O cerne da questão jurídica reside na correta interpretação do artigo 54-A do CDC, introduzido pela mencionada Lei 14.181/2021.
Este dispositivo legal define o superendividamento como a impossibilidade de pagar dívidas sem comprometer o mínimo existencial, conceito que não exige prova cabal ou inequívoca, mas sim demonstração razoável do comprometimento financeiro.
A decisão recorrida, ao exigir prova robusta do superendividamento, parece ter adotado entendimento excessivamente formalista, desconsiderando a natureza protetiva do CDC e a realidade fática vivenciada pelo agravante.
Nesse sentido segue orientação do Superior Tribunal de Justiça: ADMINISTRATIVO E PROCESSUAL CIVIL.
AGRAVO REGIMENTAL NO AGRAVO EM RECURSO ESPECIAL.
SERVIDOR PÚBLICO.
DESCONTOS EM FOLHA DE PAGAMENTO.
LIMITE DE 30% DOS VENCIMENTOS.
MATÉRIA PACIFICADA.
HONORÁRIOS ADVOCATÍCIOS EM DESFAVOR DE BENEFICIÁRIO DE ASSISTÊNCIA JUDICIÁRIA GRATUITA.
EXIGIBILIDADE SUSPENSA.
AGRAVO REGIMENTAL DO BANCO CRUZEIRO DO SUL S.A.

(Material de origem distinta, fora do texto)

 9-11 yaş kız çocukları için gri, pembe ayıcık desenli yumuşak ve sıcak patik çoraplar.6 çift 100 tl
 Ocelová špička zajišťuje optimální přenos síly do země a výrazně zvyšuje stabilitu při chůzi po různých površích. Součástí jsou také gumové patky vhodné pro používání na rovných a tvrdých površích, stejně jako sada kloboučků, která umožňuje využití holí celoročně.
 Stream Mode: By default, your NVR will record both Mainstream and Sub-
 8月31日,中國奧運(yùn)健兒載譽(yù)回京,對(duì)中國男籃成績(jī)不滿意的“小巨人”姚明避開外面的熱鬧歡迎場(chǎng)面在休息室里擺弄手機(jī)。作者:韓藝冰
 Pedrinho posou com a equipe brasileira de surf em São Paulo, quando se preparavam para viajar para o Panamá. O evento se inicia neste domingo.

A QUE SE NEGA PROVIMENTO.1.
Esta Corte consolidou a orientação afirmando que os empréstimos consignados na folha de pagamento do Servidor público estão limitados a 30% do valor de sua remuneração líquida, ante a natureza alimentar da verba e em atenção ao princípio da razoabilidade. 2.
Omissis. 3.
Agravo Regimental do Banco a que se nega provimento"(STJ, 1a Turma, AgRg no AREsp 45082/AP, acórdão unânime de 28/05/19, DJe de 03/06/19, Rel.
Min.
Napoleão Nunes Maia Filho) (Sem grifos no original).

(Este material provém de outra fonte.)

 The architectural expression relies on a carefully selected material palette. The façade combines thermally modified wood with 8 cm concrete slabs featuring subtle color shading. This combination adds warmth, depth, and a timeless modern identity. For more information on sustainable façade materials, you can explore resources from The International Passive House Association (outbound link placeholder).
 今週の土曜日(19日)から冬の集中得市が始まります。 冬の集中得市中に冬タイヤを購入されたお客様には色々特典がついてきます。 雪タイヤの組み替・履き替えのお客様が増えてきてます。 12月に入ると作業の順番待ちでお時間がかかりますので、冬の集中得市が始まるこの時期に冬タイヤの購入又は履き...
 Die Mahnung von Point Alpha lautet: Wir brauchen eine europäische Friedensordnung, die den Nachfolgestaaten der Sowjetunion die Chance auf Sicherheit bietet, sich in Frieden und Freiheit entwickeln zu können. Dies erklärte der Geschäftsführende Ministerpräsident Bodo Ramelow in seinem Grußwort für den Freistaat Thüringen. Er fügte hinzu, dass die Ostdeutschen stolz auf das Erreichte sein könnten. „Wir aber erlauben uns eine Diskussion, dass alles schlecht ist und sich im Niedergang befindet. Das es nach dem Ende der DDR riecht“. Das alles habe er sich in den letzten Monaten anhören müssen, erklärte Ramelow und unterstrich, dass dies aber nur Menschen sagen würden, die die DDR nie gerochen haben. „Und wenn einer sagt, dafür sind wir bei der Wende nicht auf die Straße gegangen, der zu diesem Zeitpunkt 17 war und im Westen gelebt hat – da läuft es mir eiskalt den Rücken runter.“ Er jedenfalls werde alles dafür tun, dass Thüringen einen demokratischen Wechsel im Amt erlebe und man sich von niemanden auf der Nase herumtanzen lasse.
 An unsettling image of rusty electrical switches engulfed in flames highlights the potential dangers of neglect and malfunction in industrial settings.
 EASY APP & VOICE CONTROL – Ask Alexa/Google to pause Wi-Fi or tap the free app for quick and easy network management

No caso concreto, portanto, cumpre-se adequar o pagamento dos empréstimos de acordo com as reais possibilidades econômicas da parte consumidora, sem que seja esta privada, desmedidamente, de seus rendimentos mensais, evitando- se, assim, o comprometimento de sua subsistência.
A dignidade da pessoa humana, consagrada no artigo 1º, III da Constituição Federal, não pode ser reduzida a mera retórica constitucional.

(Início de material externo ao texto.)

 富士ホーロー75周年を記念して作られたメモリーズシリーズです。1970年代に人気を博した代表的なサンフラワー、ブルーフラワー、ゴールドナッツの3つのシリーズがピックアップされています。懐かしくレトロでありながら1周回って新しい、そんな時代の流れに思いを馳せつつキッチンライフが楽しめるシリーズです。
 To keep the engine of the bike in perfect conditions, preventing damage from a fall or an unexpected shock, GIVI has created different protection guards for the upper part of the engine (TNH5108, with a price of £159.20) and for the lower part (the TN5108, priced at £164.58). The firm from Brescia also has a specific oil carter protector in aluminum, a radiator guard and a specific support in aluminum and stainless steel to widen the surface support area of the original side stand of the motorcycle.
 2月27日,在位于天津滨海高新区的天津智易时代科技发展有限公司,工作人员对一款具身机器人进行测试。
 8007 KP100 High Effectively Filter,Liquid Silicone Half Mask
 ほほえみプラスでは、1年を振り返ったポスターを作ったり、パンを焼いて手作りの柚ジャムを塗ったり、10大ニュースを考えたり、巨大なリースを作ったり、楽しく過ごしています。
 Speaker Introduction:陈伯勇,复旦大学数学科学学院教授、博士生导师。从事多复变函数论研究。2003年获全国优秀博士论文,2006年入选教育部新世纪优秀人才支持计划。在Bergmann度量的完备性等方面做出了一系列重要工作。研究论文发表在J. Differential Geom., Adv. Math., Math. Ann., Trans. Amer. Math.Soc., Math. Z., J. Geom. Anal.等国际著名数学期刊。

Ela exige concretude, especialmente em situações como a presente, onde um cidadão vê sua capacidade de subsistência ameaçada por obrigações financeiras que ultrapassam claramente sua capacidade de pagamento.
O mínimo existencial, como desdobramento desse princípio fundamental, representa o patamar abaixo do qual a dignidade humana não pode ser preservada, e sua violação justifica, em tese, a intervenção imediata do Poder Judiciário.
No que tange aos requisitos para concessão da tutela antecipada, previstos no artigo 300 do CPC, verifica-se que ambos - fumus boni iuris e periculum in mora - encontram-se plenamente configurados no caso concreto.
A probabilidade do direito (fumus boni iuris) está demonstrada pelos documentos juntados aos autos que evidenciam o grave comprometimento da renda do agravante.
Por outro lado, o risco de dano irreparável (periculum in mora) é evidente, pois a continuação dos descontos em sua renda pode levar a uma situação de insolvência definitiva, inviabilizando até mesmo sua participação na audiência de conciliação prevista no artigo 104-A do CDC.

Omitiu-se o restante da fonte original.